In A Complete Glossary of Essential SEO Jargon an SEOMOZ poster defines LSI as follows:
“LSI(Latent Semantic Indexing) This mouthful just means that the search engines index commonly associated groups of words in a document. SEOs refer to these same groups of words as “Long Tail”. The majority of searches consist of three or more words strung together. See also “long tail”. The significance is that it might be almost impossible to rank well for “mortgage”, but fairly easy to rank for “second mortgage to finance monster truck team”

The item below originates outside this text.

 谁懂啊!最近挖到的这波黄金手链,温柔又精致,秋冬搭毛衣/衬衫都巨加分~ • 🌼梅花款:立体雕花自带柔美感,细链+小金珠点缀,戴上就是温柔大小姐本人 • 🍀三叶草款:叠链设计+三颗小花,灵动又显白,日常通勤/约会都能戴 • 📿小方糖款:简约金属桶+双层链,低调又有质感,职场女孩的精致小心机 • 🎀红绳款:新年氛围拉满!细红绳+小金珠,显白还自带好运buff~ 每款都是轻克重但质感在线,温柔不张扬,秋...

I have been asked to comment about this.
To put the post in perspective, a jargon glossary is like a collection of expressions used within a specific group of individuals with similar interests. Normally jargon is not intended for outsiders.

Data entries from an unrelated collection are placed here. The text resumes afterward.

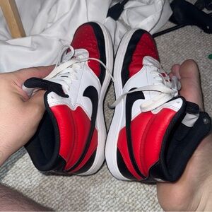 Stylish Nike high-top sneakers in red and black. Features a classic design with a bold swoosh logo.
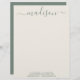 Ett "Elegant Modern Handwriter Sage Grönt Letterhead" blandar sofistikering med en ny, contemporary touch. Den mjuka grönten färg parad med ett flytande, modernt handskript skapar en snyggt och ett förfinat utseende. Detta brevhuvud är perfekt för företag som vill förmedla en känsla av elegans och kreativitet samtidigt som de behåller en professionell i sin officiell korrespondens.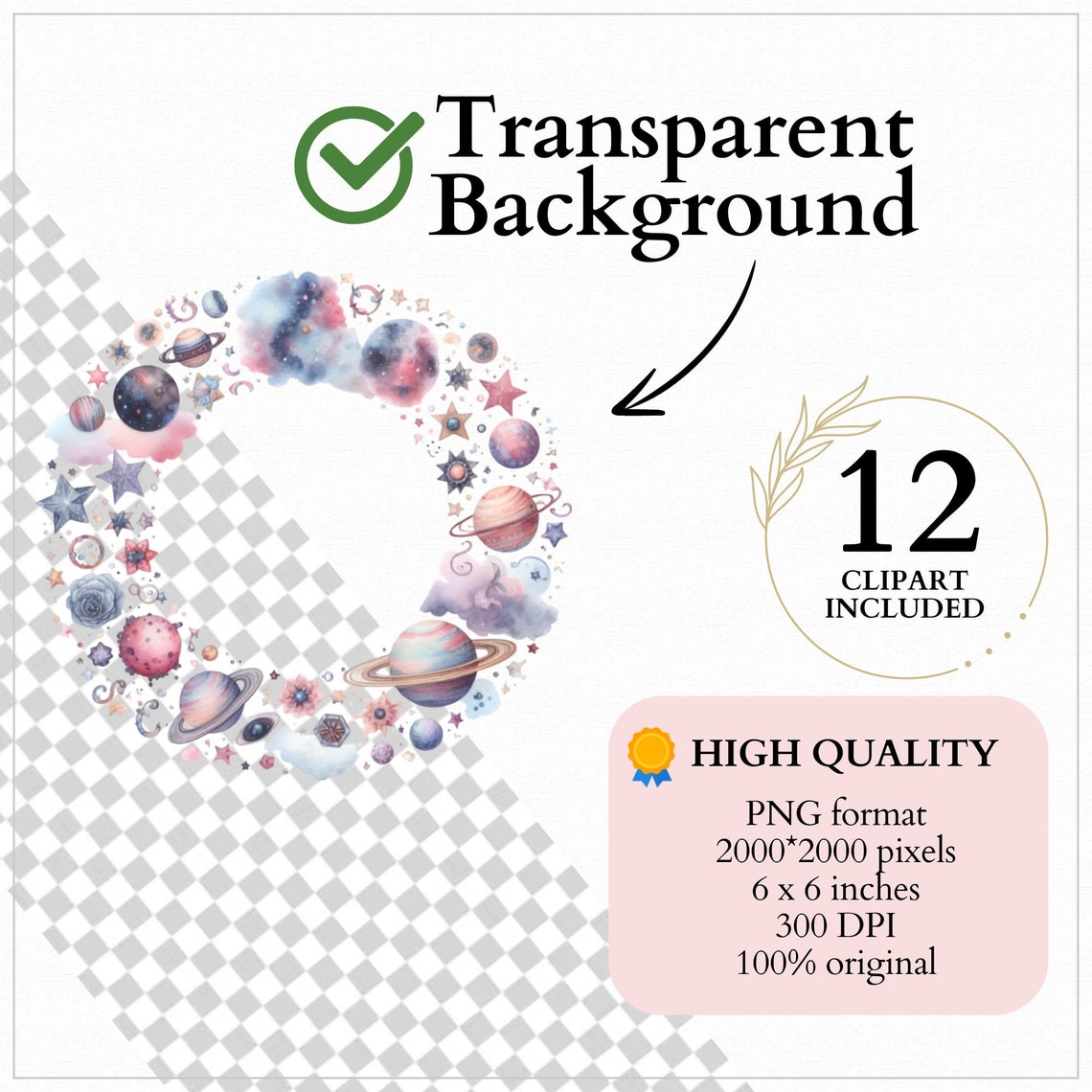 Galactic Frame Clipart, Space Planets Clipart, Solar System Art, Galaxy ...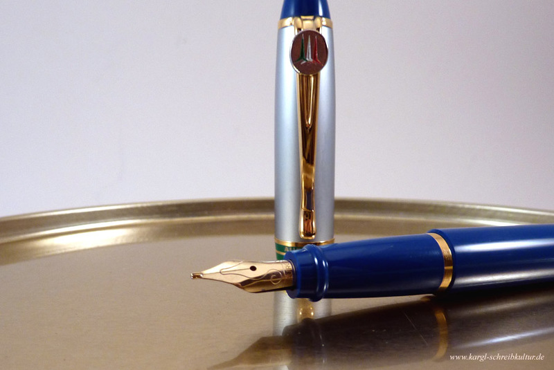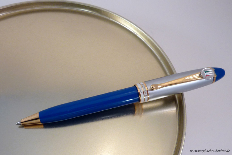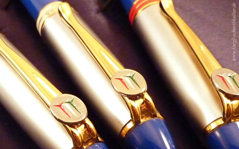Jedes der drei Schreibgeräte präsentiert sich in einem strahlenden Blau - und einer silberfarbenen Kappe, deren Ende jeweils in einer der italienischen Landesfarben gefärbt ist.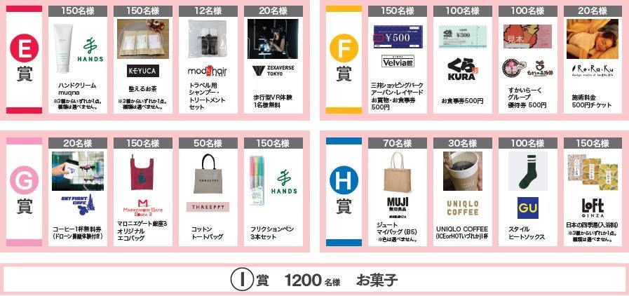 マロニエゲート銀座1、マロニエゲート銀座2、マロニエゲート銀座3、無印良品銀座、銀座ロフト(ニトリEXPRESS・JINS含む)の当日のお買い上げレシートご持参で税込3,000円ごとに1回抽選できます。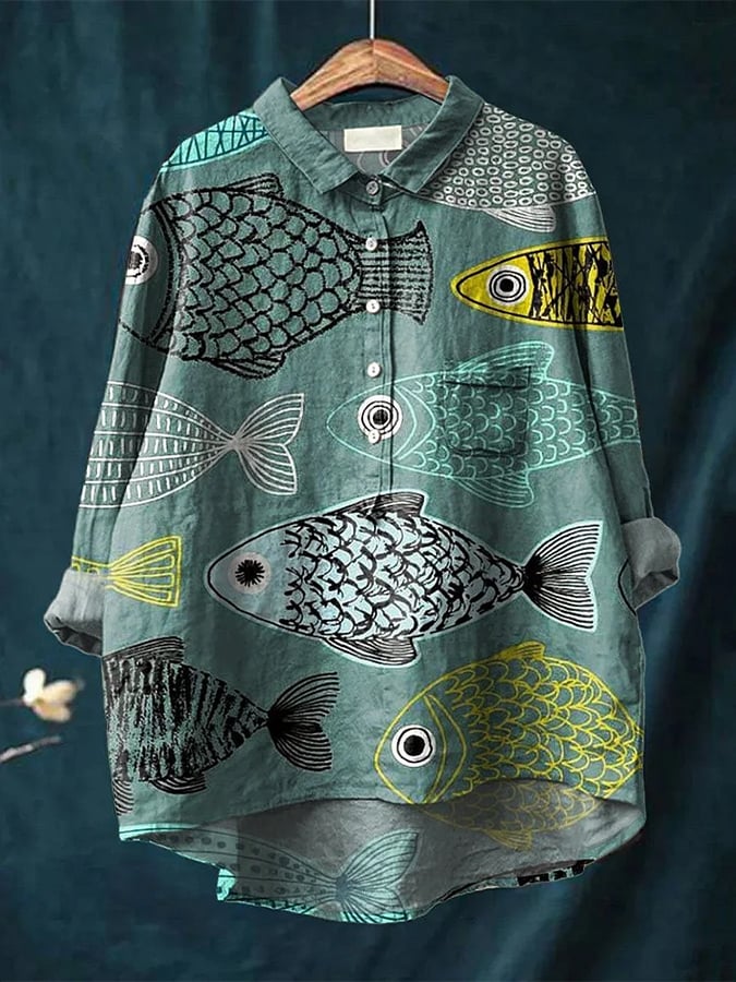 Women's Vintage Fish Art Printed Casual Shirt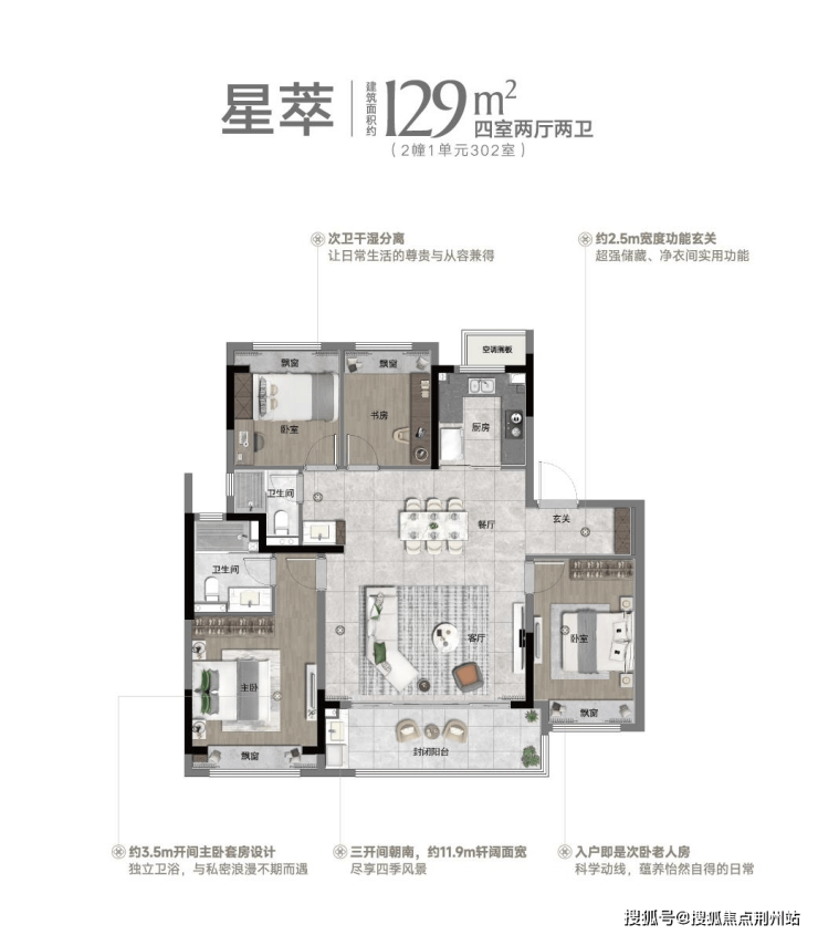 户型配比:洋房129㎡-143㎡,高层112㎡-118㎡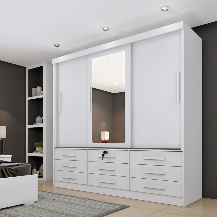 Roupeiro Meridian Plus, da D’Doro Móveis, Medidas: Alt 2,18m Larg 2,00m Prof 0,52m, Estrutura MDP em Chapas de 15mm, sendo Portas, Moldura e Frente de Gavetas em MDF, 3 Portas de Correr sobre Trilhos de Alumínio Antiquedas, 9 Gavetas com CorrediçasTelescópicas, sendo uma com Chaves, 4 Prateleiras, Cabideiro Metálico, Espelho Embutido e Puxadores em PVC Metalizados.

Overall, the post is a nice coffee table reading. The title states this is a complete glossary of essential SEO jargon. However, it can be argued whether the glossary is complete or if some entries of the glossary are indeed essential to SEOs.
Within SEO circles, jargon connected to search engine technology often comes with two elements:
To the poster’s credit, not all entries of the glossary have (a), (b), or both, but are actually informative. Like some of the comments these generate, some are entertaining.
Unfortunately the LSI entry comes with both, (a) and (b). Last time I revisited the post the LSI entry was ignored by commenters. I could have posted these comments there and add content to their blog, but I decided at the last minute to add content to this blog, instead.
Now let’s comment on the sustantive part.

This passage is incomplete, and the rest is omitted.